One of the sideshows in the relatively slow growth of renewable energy in the U.S. has been the conflict between homeowners associations and property owners when the latter want to install solar power.
The Los Angeles Times brought the conflict into focus in a recent story about homeowners in California who used the state’s Solar Rights Act, adopted in 1978, to prevail over HOA objections to their plans for solar installations on their homes. But California is hardly alone in offering such protections.
There are solar access laws in at least 37 states, although most of these laws address solar easement contracts rather than individual homeowners’ rights to install solar power. Alaska’s solar access law, for example, focuses on solar easement, allowing neighboring property owners to voluntarily enter into contracts that ensure adequate sunlight exposure for their solar energy systems. And Idaho’s building code includes solar easement provisions, transferable with the property title, that allow for the access rights to sunlight for a solar energy device. Georgia, Indiana, Iowa, Kansas, Kentucky, Minnesota, Missouri, Montana, Nebraska, New Hampshire, New Jersey, New Mexico, New York, North Dakota, Ohio, Rhode Island, Tennessee, Utah, and Virginia have similar easement provisions.

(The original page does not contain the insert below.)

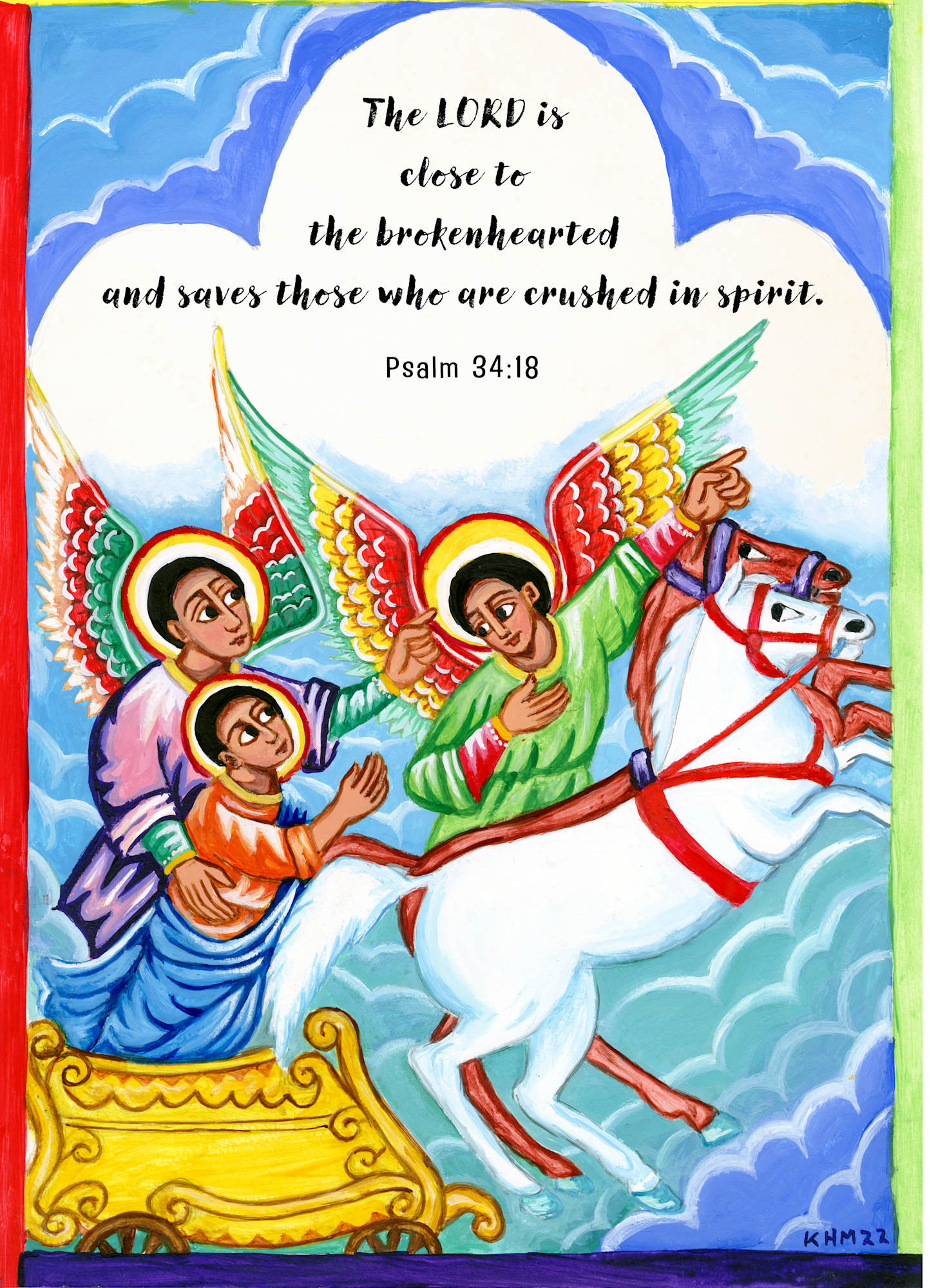 Experience the celestial journey of St. Kyriacos guided by two angels, including St. Rafael, in a divine chariot to Heaven. This moving watercolor artwork captures Psalm 34:18:

When states side with homeowners
Fewer states have laws specifically designed to override (with some exceptions) homeowners association covenants and restrictions on solar installations. Those states include Arizona, Colorado, Delaware, Florida, Maine, Maryland, Massachusetts, Nevada, New Jersey, North Carolina, Oregon, Vermont, Virginia, and Wisconsin.
The nuances that some states have written into their solar access laws may warm the hearts of litigators, but not necessarily homeowners with an interest in solar power. The Database of State Incentives for Renewables in Efficiency, for example, has posted a summary of North Carolina’s solar access laws – SB 670, which took effect October 1, 2007, and an update, HB 1387, which took effect December 1, 2009 – that includes the following provisions:
“Cities and counties in North Carolina generally may not adopt ordinances prohibiting the installation of ‘a solar collector that gathers solar radiation as a substitute for traditional energy for water heating, active space heating and cooling, passive heating, or generating electricity for residential property.’ However, city and county ordinances may prohibit the installation of solar-energy collectors that are visible from the ground and installed (1) on the facade of a structure that faces areas open to common or public access; (2) on a roof surface that slopes downward toward the same areas open to common or public access that the facade of the structure faces; or (3) within the area set off by a line running across the facade of the structure extending to the property boundaries on either side of the facade, and those areas of common or public access faced by the structure.”
Maine and Virginia have adopted solar installation laws whose provisions allow community associations to impose “reasonable restrictions” on installations in some cases.
As the Times story points out, solar advocates such as the Solar Energy Industries Association are pushing for pushing for a federal version of the California law.
Hope for, but not yet assurance of, a federal provision
H.R. 2454, the American Clean Energy and Security Act of 2009, which passed the House of Representatives in June, included a provision that would make it illegal for HOA rules, leases, or private contracts to prohibit the installation of solar systems.
Two other legislative measures addressing the issue, H.R. 2848 and S. 1016, where both introduced in 2007 and still await committee hearings. Both would tackle HOA restrictions in similar fashion, mainly by requiring the Secretary of Housing and Urban Development, in consultation with the Secretary of Energy, to issue regulations that would “prohibit any private covenant, contract provision, lease provision, homeowners’ association rule or bylaw, or similar restriction, that impairs the ability of the owner or lessee of any residential structure designed for occupancy by one family to install, construct, maintain, or use a solar energy system on such residential property.”
While the enactment of any of the proposed federal requirements is certainly not a sure thing, the growing protections for the solar-inclined homeowner on the local and state levels are undeniable. “The tide,” as the SEIA says on its website, “is shifting.”